## Data supplied
------------------------

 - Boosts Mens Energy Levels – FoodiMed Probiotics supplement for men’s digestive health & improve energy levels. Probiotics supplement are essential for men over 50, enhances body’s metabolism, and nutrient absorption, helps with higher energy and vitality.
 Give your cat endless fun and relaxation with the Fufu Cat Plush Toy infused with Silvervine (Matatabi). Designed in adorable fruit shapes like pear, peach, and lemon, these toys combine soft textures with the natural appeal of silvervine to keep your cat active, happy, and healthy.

------------------------

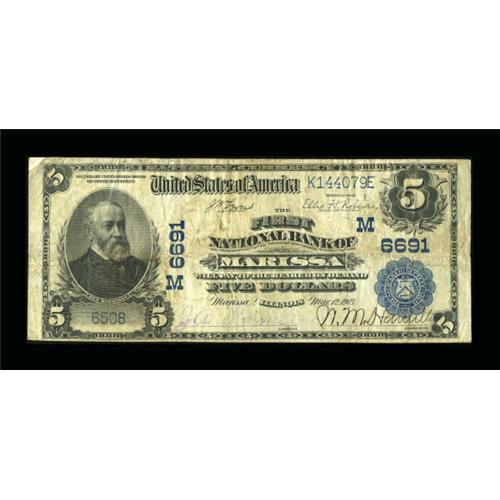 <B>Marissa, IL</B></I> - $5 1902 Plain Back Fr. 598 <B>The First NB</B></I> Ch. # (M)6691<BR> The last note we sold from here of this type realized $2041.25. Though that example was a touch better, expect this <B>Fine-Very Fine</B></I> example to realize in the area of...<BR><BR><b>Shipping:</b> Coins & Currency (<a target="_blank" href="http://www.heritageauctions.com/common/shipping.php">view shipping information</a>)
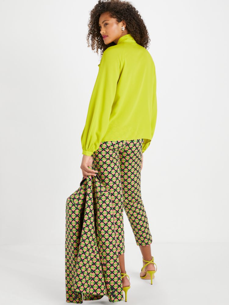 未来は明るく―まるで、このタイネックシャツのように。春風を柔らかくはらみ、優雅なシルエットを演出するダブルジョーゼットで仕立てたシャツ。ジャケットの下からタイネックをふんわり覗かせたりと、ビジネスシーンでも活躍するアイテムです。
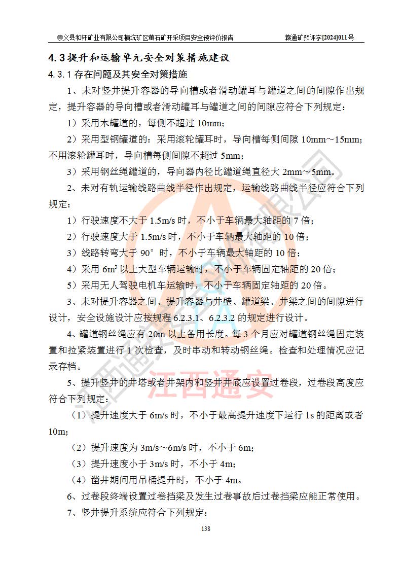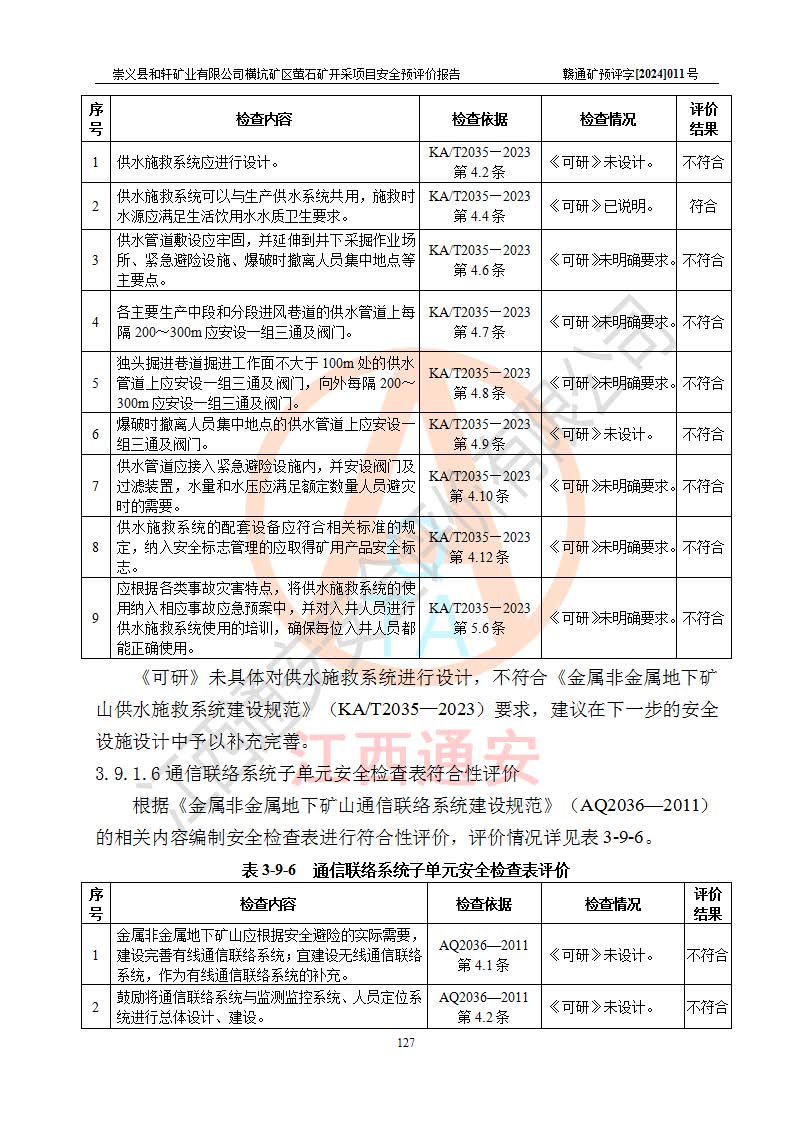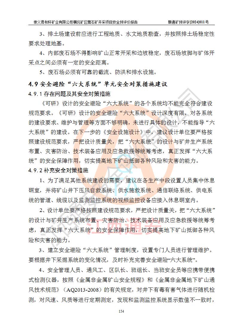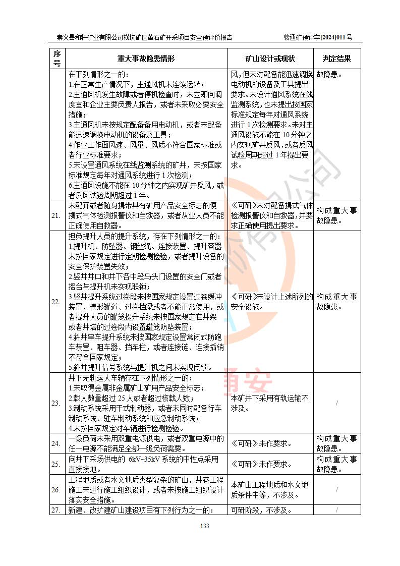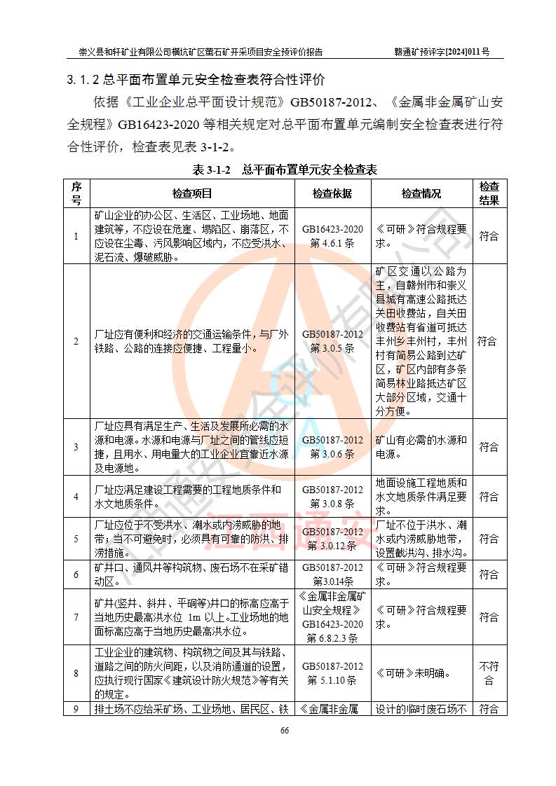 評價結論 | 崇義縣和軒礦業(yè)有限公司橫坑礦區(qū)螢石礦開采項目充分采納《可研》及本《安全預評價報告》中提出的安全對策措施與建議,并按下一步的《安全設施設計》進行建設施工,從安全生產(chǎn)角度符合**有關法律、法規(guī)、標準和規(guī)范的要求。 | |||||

------------------------

## Exercise description
Only the lines above that hold "with" are wanted. Show every one of them.

## Final answer
 - Boosts Mens Energy Levels – FoodiMed Probiotics supplement for men’s digestive health & improve energy levels. Probiotics supplement are essential for men over 50, enhances body’s metabolism, and nutrient absorption, helps with higher energy and vitality.
 Give your cat endless fun and relaxation with the Fufu Cat Plush Toy infused with Silvervine (Matatabi). Designed in adorable fruit shapes like pear, peach, and lemon, these toys combine soft textures with the natural appeal of silvervine to keep your cat active, happy, and healthy.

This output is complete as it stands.